To enable training SLaK, we follow [RepLKNet] and install the efficient large-kernel convolution with PyTorch provided by MegEngine:

1. ```cd cutlass/examples/19_large_depthwise_conv2d_torch_extension```
2. ```./setup.py install --user```. If you get errors, (1) check your ```CUDA_HOME```; (2) you might need to change the source code a bit to make tensors contiguous. 
3. A quick check: ```python depthwise_conv2d_implicit_gemm.py```
4. Add ```WHERE_YOU_CLONED_CUTLASS/examples/19_large_depthwise_conv2d_torch_extension``` into your ```PYTHONPATH``` so that you can ```from depthwise_conv2d_implicit_gemm import DepthWiseConv2dImplicitGEMM``` anywhere. Then you may use ```DepthWiseConv2dImplicitGEMM``` as a replacement of ```nn.Conv2d```.
5. ```export LARGE_KERNEL_CONV_IMPL=WHERE_YOU_CLONED_CUTLASS/examples/19_large_depthwise_conv2d_torch_extension``` so that RepLKNet will use the efficient implementation.

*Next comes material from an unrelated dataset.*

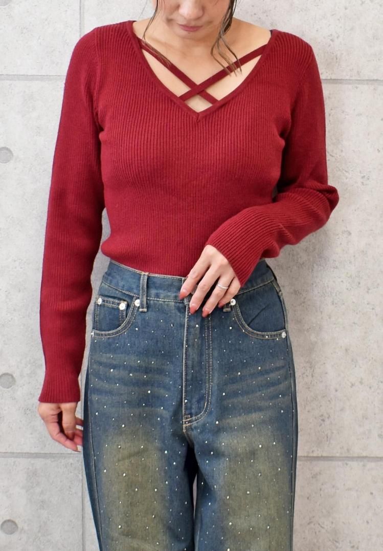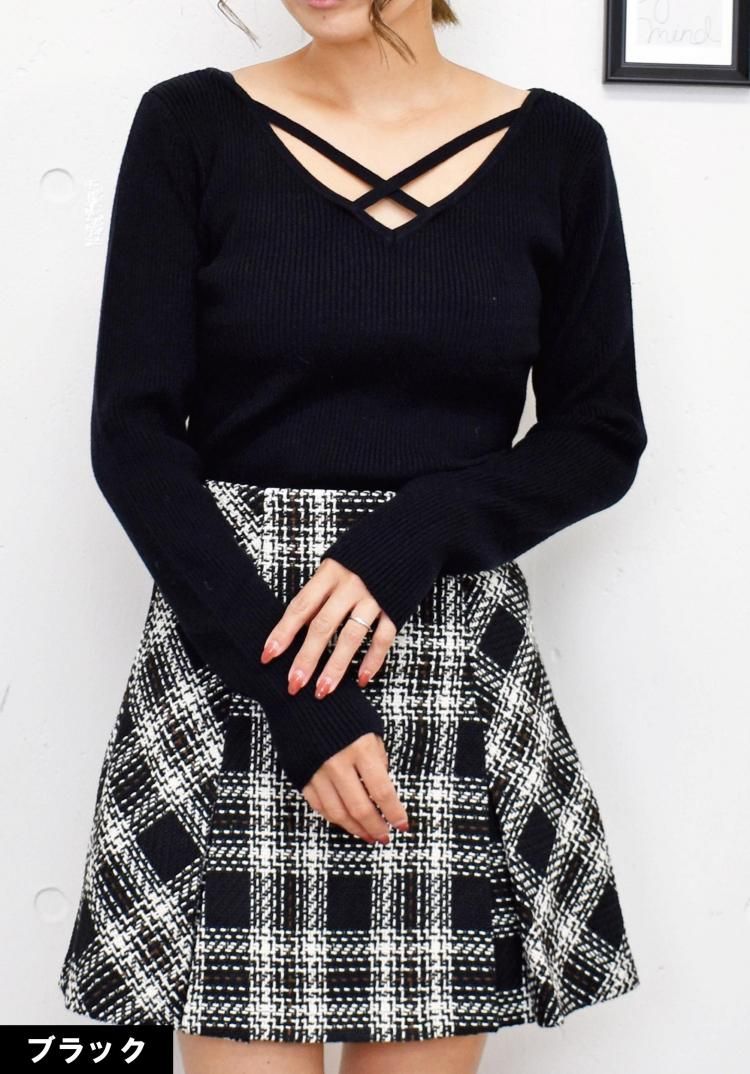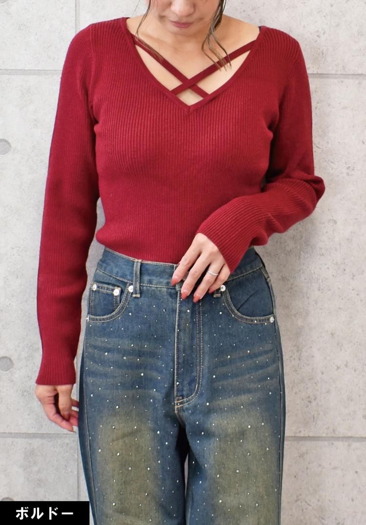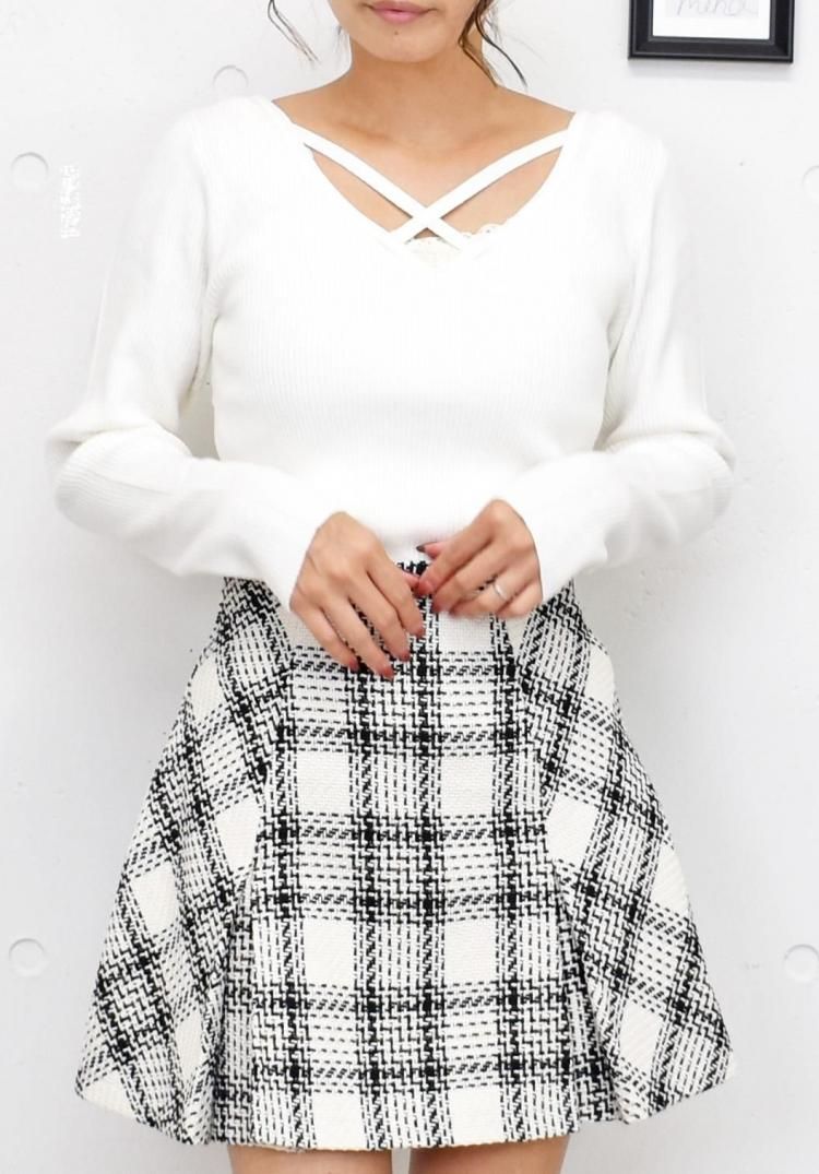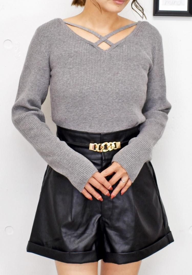 シンプルなリブニットにアクセントを加えて、おしゃれ度をアップします。

Or you may simply modify the related code (```get_conv2d```) in ```SLaK.py```.

## Training code

We provide ImageNet-1K training, and ImageNet-1K fine-tuning commands here.

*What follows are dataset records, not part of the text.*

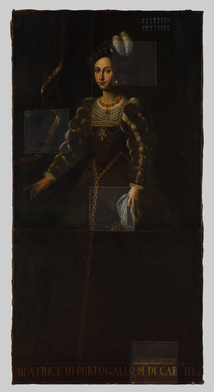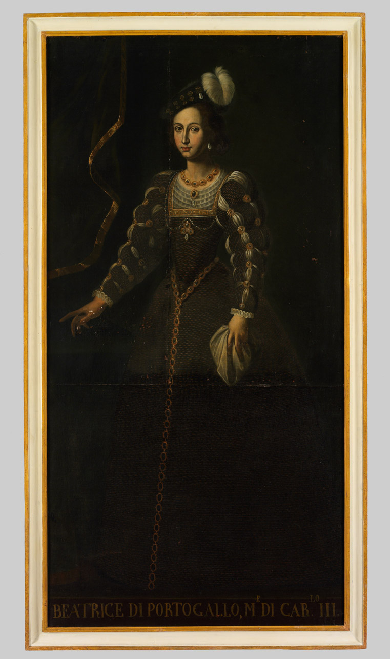- NOTIZIE STORICO CRITICHE Il dipinto fa parte di un più ampio nucleo oggi conservato presso il castello di Racconigi. La tela, uniforme alle altre della serie per dimensioni, raffigura Beatrice di Portogallo moglie di Carlo III. E' legata alle altre dalla catena inventariale S.M., di cui porta il numero S.M. 87, da riferirsi all'inventario del castello di Moncalieri del 1879. In quell'anno i quadri erano conservati al primo piano, nella Galleria n. 70. Nell'inventario la serie è composta da 87 dipinti, documentati anche da un altro inventario non datato, ma precedente al 1872. Questi quadri risultano, nell'inventario del 1879, scaricati nel gennaio del 1920, presso il castello di Racconigi, dove si trovano tuttora, ad eccezione di alcuni non più presenti fin dagli anni Cinquanta del Novecento. Le opere, fra cui il ritratto in questione giunsero a Racconigi negli anni di Vittorio Emanuele III e della regina Elena. Per quanto riguarda l'intera serie appare evidente che sia stata via via accresciuta con il trascorrere dei secoli, fino all'Ottocento. I ritratti sono stati oggetto non solo di ripetuti restauri, ma hanno anche subito sensibili modifiche nel corso del tempo (ampliamenti, inserimento o variazione dell'iscrizione identificativa del personaggio ritratto, uniformizzazione dello sfondo), aspetti confermati dall'attuale campagna di indagini. In questo caso il restauro ha riportato in luce lo stemma nella porzione superiore sinistra della tela. Già C. E. Bertana, aveva individuato la presenza di una galleria di ritratti un tempo a Moncalieri, poi trasferita a Racconigi, non collegandola tuttavia a questa serie. Nuove ricerche hanno interessato una parte delle tele in occasione della mostra di Venaria (2007-2008), evidenziandone l'appartenenza alla galleria moncalierese sulla base di un elenco conservato presso la Biblioteca Reale, datato al 1780 (Misc. Patria 46,24). Il documento del 1780, che si riferisce probabilmente ai lavori necessari alla costituzione della galleria di ritratti voluta nell'ambito del generale rilancio del castello di Moncalieri, intrapreso da Vittorio Amedeo III, appena salito al trono (P. Astrua, 1987 p. 88), riporta tuttavia solo i ritratti dei principi, da Beroldo a Carlo Emanuele III. Non vi compaiono invece le principesse, dato che induce a pensare per queste ultime a una provenienza da altre residenze. Altri documenti relativi a un intervento di restauro avvenuto all'inizio degli anni Settanta del Settecento per opera di Pietro Paolo Wehrlin elencano poi 36 ritratti di principesse sabaude su cui il pittore sarebbe dovuto intervenire, prima di inviarle a Moncalieri fra cui "n. 11Beatrix Emanuelis Lisitaneae Regis filia. Caroli III Sab. Ducis uxor" (Bib. Reale, TO, Registri Recapiti, 1772, II, f. 996). Wehrlin afferma di aver compiuto ampliamenti delle tele, o di avervi aggiunto l'iscrizione con il nome dell'effigiata. Per quanto concerne gli atteggiamenti e l'abbigliamento, mentre per le principesse vissute entro il Quattrocento un sicuro modello è fornito dalle bellissime tavole delle "Austriache Gentis Imagines" (già riferimento per Pingone), realizzate da Francesco Terzio e tradotte a stampa tra il 1558 e il 1573, in quelle del XVI e XVII secolo i pittori sembrano orientarsi ai coevi modelli della ritrattistica europea di corte
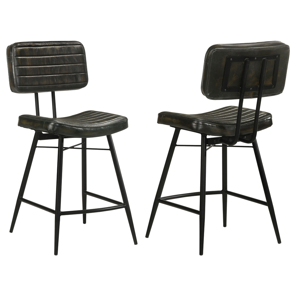 Bring a refined retro presence to your space with this genuine leather counter height chair set. Upholstered in hand-dyed leather for a soft, lived-in feel, each stool showcases a contoured seat and supportive backrest with channel tufting and welt trim. The black iron frame features flared tapered legs and a built-in footrest for stability and comfort. A bold X-brace accent at the back adds visual contrast and industrial flair. Perfect for kitchens, bars, or gathering spaces, this set blends vintage design with everyday durability. Key Features: • Counter chair set blends vintage character with modern durability • Wrapped in genuine leather upholstery with an antique camel tone • Channel tufting and welt trim add rich dimension and tactile appeal • Iron X-brace backrest provides strength and visual contrast • Sturdy black iron frame with footrest ensures lasting stability • Set of two counter height chairs ideal for kitchens or bar areas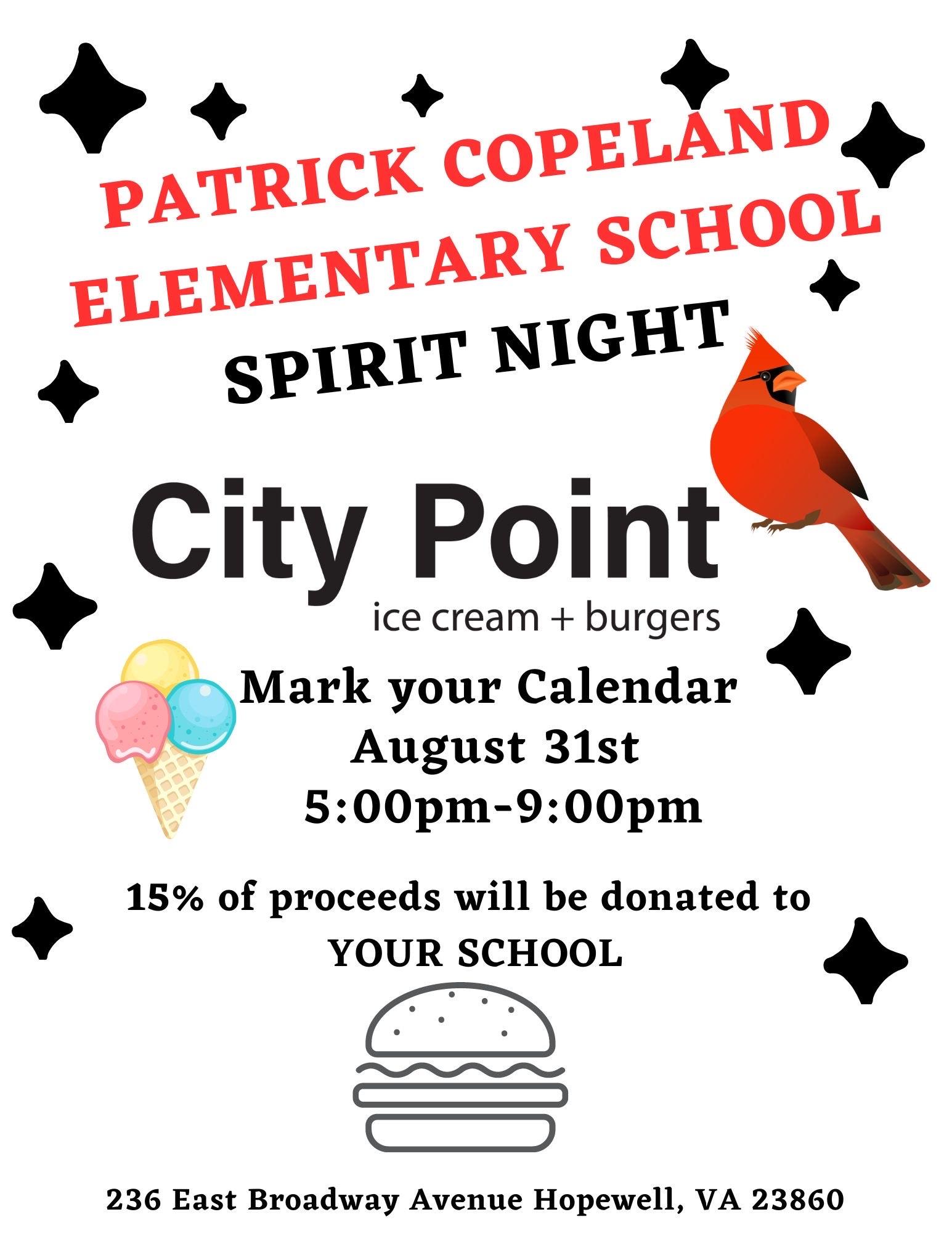 Join Us for Patrick Copeland's Spirit Night! Patrick Copeland is hosting a spirit night at City Point. Join us for burgers and ice cream on August 31st from 5:00 to 9:00 PM.

### ImageNet-1K SLaK-T on a single machine
```
python -m torch.distributed.launch --nproc_per_node=4 main.py  \
--Decom True --sparse --width_factor 1.3 -u 2000 --sparsity 0.4 --sparse_init snip  --prune_rate 0.5 --growth random \
--epochs 300 --model SLaK_tiny --drop_path 0.1 --batch_size 128 \
--lr 4e-3 --update_freq 8 --model_ema true --model_ema_eval true \
--data_path /path/to/imagenet-1k --num_workers 40 \
--kernel_size 51 49 47 13 5 --output_dir /path/to/save_results
```

- **To enable to train/evaluate SLaK models, make sure that you add `--sparse --Decom True --kernel_size 51 49 47 13 5 --sparse_init snip` in your script.** `--sparse`: enable sparse model; `--sparsity`: model sparsity; `--width_factor`: model width; `-u`: adaptation frequency; `--prune_rate`: adaptation rate, `--kernel_size`: [4 * (kernel size of each stage) + the size of the smaller kernel edge].
- You can add `--use_amp true` to train in PyTorch's Automatic Mixed Precision (AMP).
- Use `--resume /path_or_url/to/checkpoint.pth` to resume training from a previous checkpoint; use `--auto_resume true` to auto-resume from latest checkpoint in the specified output folder. To resume the training of sparse models, we need to set `--sparse_init resume` to get the masks.
- `--batch_size`: batch size per GPU; `--update_freq`: gradient accumulation steps.
- The effective batch size = `--nodes` * `--ngpus` * `--batch_size` * `--update_freq`. In the example above, the effective batch size is `4*8*128*1 = 4096`. You can adjust these four arguments together to keep the effective batch size at 4096 and avoid OOM issues, based on the model size, number of nodes and GPU memory.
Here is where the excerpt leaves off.